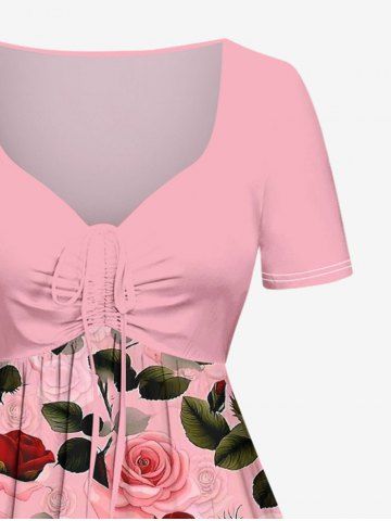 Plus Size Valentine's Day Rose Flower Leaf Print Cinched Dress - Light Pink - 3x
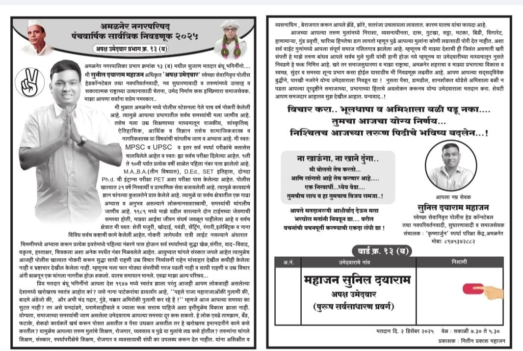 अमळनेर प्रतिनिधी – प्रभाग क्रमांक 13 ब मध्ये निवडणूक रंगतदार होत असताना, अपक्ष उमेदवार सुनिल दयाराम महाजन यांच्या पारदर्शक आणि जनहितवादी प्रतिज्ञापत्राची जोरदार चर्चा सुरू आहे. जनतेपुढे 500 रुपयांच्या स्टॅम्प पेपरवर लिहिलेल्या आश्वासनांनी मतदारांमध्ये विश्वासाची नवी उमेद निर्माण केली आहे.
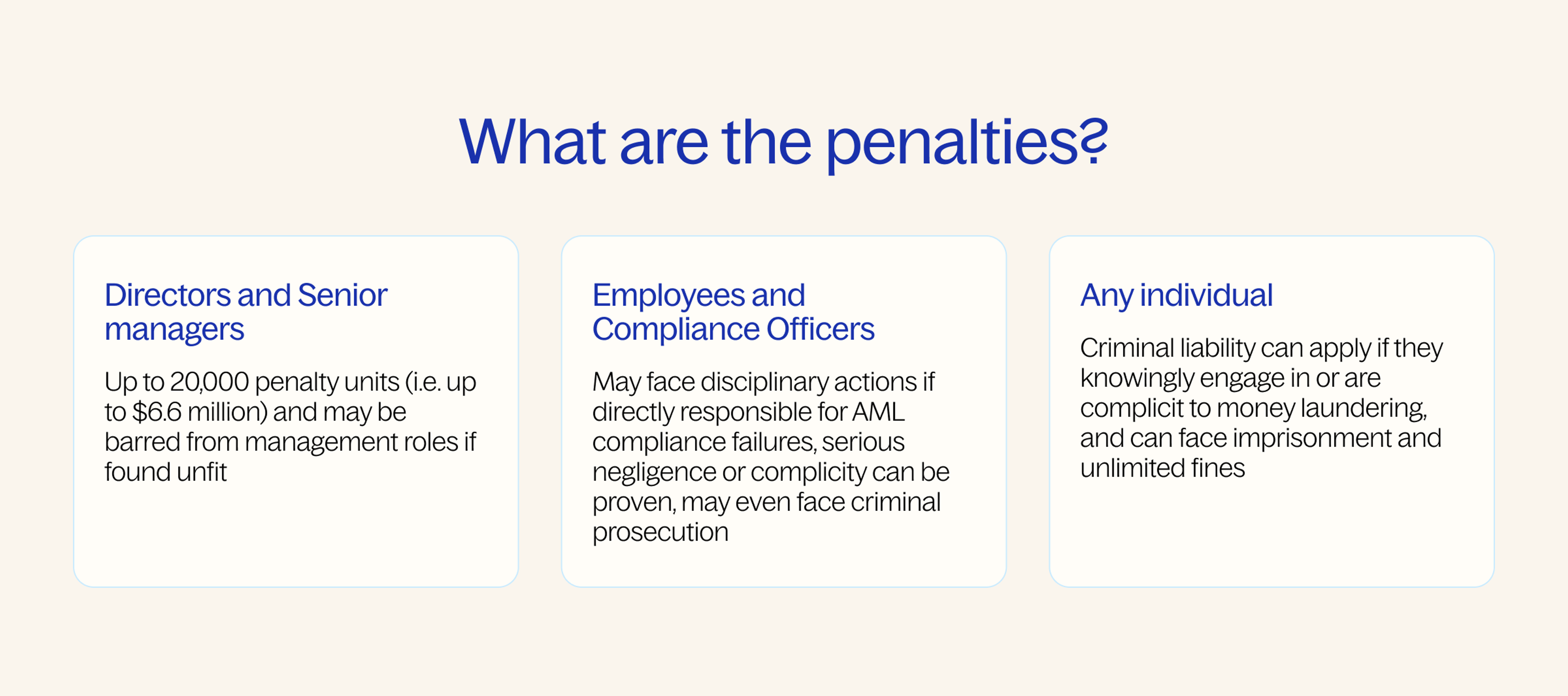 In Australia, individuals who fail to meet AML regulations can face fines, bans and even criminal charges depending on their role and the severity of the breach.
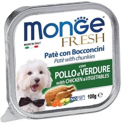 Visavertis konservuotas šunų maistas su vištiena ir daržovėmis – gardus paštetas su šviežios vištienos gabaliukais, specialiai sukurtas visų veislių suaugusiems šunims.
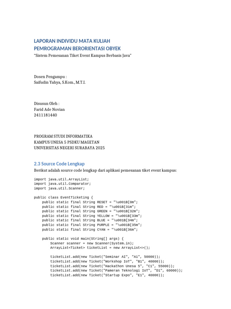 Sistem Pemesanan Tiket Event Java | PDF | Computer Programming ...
○ ○ ○ ○
▸ WHAT YOU WILL DO
Line by line, give the material above again exactly, but without any pictures.

▸ SOLUTION TO THIS TASK
 Plus Size Valentine's Day Rose Flower Leaf Print Cinched Dress - Light Pink - 3x
 अमळनेर प्रतिनिधी – प्रभाग क्रमांक 13 ब मध्ये निवडणूक रंगतदार होत असताना, अपक्ष उमेदवार सुनिल दयाराम महाजन यांच्या पारदर्शक आणि जनहितवादी प्रतिज्ञापत्राची जोरदार चर्चा सुरू आहे. जनतेपुढे 500 रुपयांच्या स्टॅम्प पेपरवर लिहिलेल्या आश्वासनांनी मतदारांमध्ये विश्वासाची नवी उमेद निर्माण केली आहे.
 In Australia, individuals who fail to meet AML regulations can face fines, bans and even criminal charges depending on their role and the severity of the breach.
 Visavertis konservuotas šunų maistas su vištiena ir daržovėmis – gardus paštetas su šviežios vištienos gabaliukais, specialiai sukurtas visų veislių suaugusiems šunims.
 Sistem Pemesanan Tiket Event Java | PDF | Computer Programming ...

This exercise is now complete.